The healthy economic backdrop is also supporting capital markets activity. Banks cited solid trading performance and robust pipelines for M&A transactions and initial public offerings. Deal activity is extending beyond the technology sector as companies across industries continue to generate healthy free cash flow.

 

"Capital markets activity has been fairly strong, with revenues generally up in the low to mid-teens," Gosalia said.

 

Signs of Recovery in Real Estate

After several challenging years, commercial real estate may be approaching a turning point.

 

Banks and asset managers reported that property supply in both the U.S. and the U.K. remains well below peak levels, supporting industry fundamentals. Industrial properties, particularly warehouses, were highlighted as a bright spot, benefiting from data center construction and efforts to reshore manufacturing activity in the U.S.

 

Agentic AI Draws Attention

Large consumer banks see agentic AI rapidly improving how customers discover and evaluate their products and services, making search more conversational and reducing friction in the customer experience. However, the technology's impact on transaction execution is still limited, as trust, security and consumer protections remain critical considerations.

 

While AI could intensify competition by lowering barriers to entry for fintech firms and new market participants, large banks are counting on their ability to modernize infrastructure quickly, leverage established customer relationships and provide trusted security frameworks.

 

One challenge discussed by executives is the deployment of larger agentic systems capable of autonomously coordinating multiple workflows, overseeing secondary processes and executing complex, multi-step tasks with limited human intervention.

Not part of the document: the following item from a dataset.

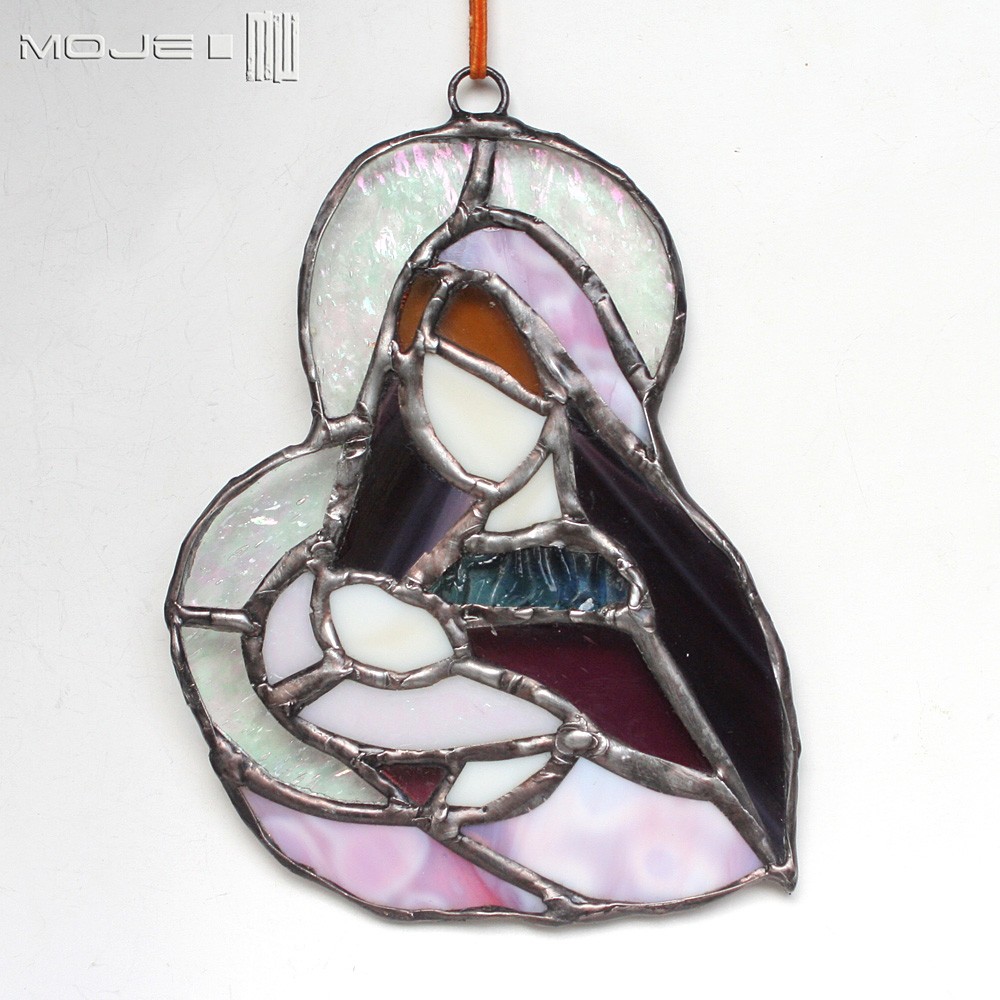 Wizerunek Matki z Dzieciątkiem - ozdobny witrażyk ze szkła witrażowego, utrzymany w odcieniach różu, ciemnego fioletu i kości słoniowej. Patynowany i przecierany. Ma kółeczko do powieszenia na haczyku lub ozdobnej tasiemce.

Many of these initiatives remain in the early stages and may require additional regulatory clarity before broader implementation.

 

Despite the optimism around AI deployment, there’s some concern about the costs associated with investments in technology.

 

"That's a key area of focus for investors as they assess the potential impact on near-term profitability while weighing the opportunity for stronger returns over the longer term," Adelson said.

 

Private Credit Continues to Attract Capital

Alternative asset managers characterized private credit as fundamentally sound, arguing that concerns about systemic risk may be overstated, especially in the context of a healthy macroeconomic environment.

 

Although the asset class has experienced higher redemptions and softer near-term flows, participants said underlying demand remains strong. Institutional investors continue to view private credit as an attractive long-term allocation, supported by favorable growth prospects and compelling return opportunities after recent market volatility.